The visit to China by the new US Treasury Secretary, Henry Paulson, provides hope that the increasingly bitter stalemate in economic relations between the two countries may be amenable to change. The problem is that protectionists in Washington may not be willing to give Mr Paulson the time that he needs.
Mr Paulson was welcomed in Beijing as an old friend, which is an old Chinese tactic. However, Beijing officials clearly valued him and were listening intently to what he had to say. In an unprecedented series of meetings for an American economic official, Mr Paulson had extensive meetings not only with his ministerial counterparts, but also with both President Hu Jintao and Premier Wen Jiabao. In the meeting with Mr Hu, the two men even held talks with only their interpreters present.
The only tangible product of Mr Paulson's visit was an agreement by the two sides to create a 'strategic economic dialogue'. While this is an excellent idea, the danger is that American politicians facing election in November will pooh-pooh the process and demand immediate progress.

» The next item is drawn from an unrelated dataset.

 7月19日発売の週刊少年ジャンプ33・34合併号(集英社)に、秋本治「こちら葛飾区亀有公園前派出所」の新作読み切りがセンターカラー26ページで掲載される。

As Mr Paulson himself said at the end of his four-day visit, if critics back home judge him on the results of one trip to China, then 'heaven help' the United States.

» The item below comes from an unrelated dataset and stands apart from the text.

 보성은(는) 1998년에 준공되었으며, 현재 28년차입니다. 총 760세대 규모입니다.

Mr Paulson's background as a businessman gives him credibility. As chairman of Goldman Sachs, his previous job, he visited China dozens of times. Moreover, instead of simply making demands of China - like some politicians - he makes it clear that his suggestions will benefit China as well as the US.

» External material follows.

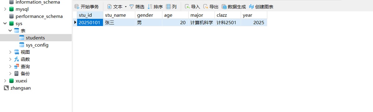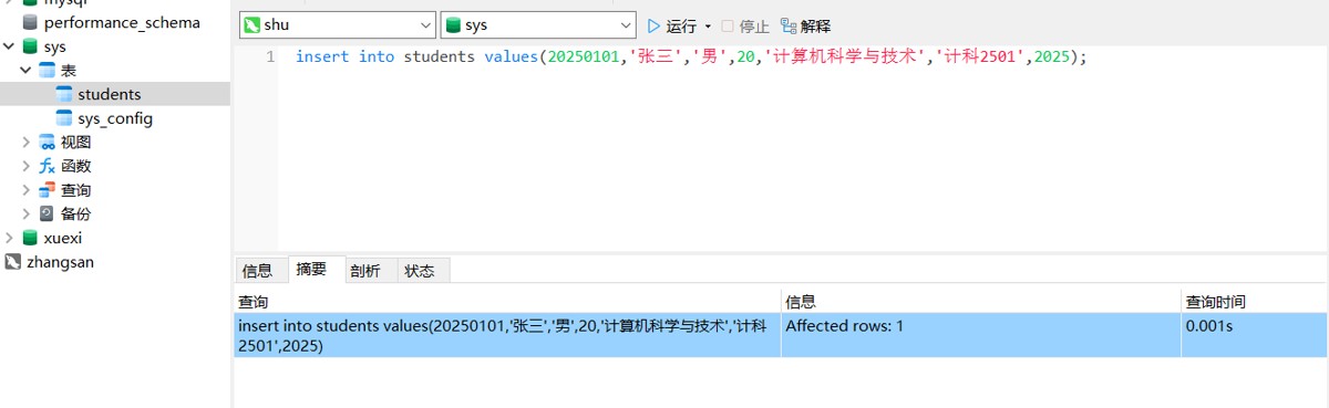 insert into students values(20250101,'张三','男',20,'计算机科学与技术','计科2501',2025);

For example, instead of demanding that China open its capital markets, Mr Paulson told a student audience at Tsinghua University: 'One of the most important, fundamental things this country could do is to develop very strong capital markets. And the right way to do that is to open up to competition.'
Mr Paulson only has 2? years in his job before Mr Bush leaves office, in January 2009. But that is enough time in which to leave his mark. He clearly has the support of the president, who went along with his suggestion of creating a strategic economic dialogue with China.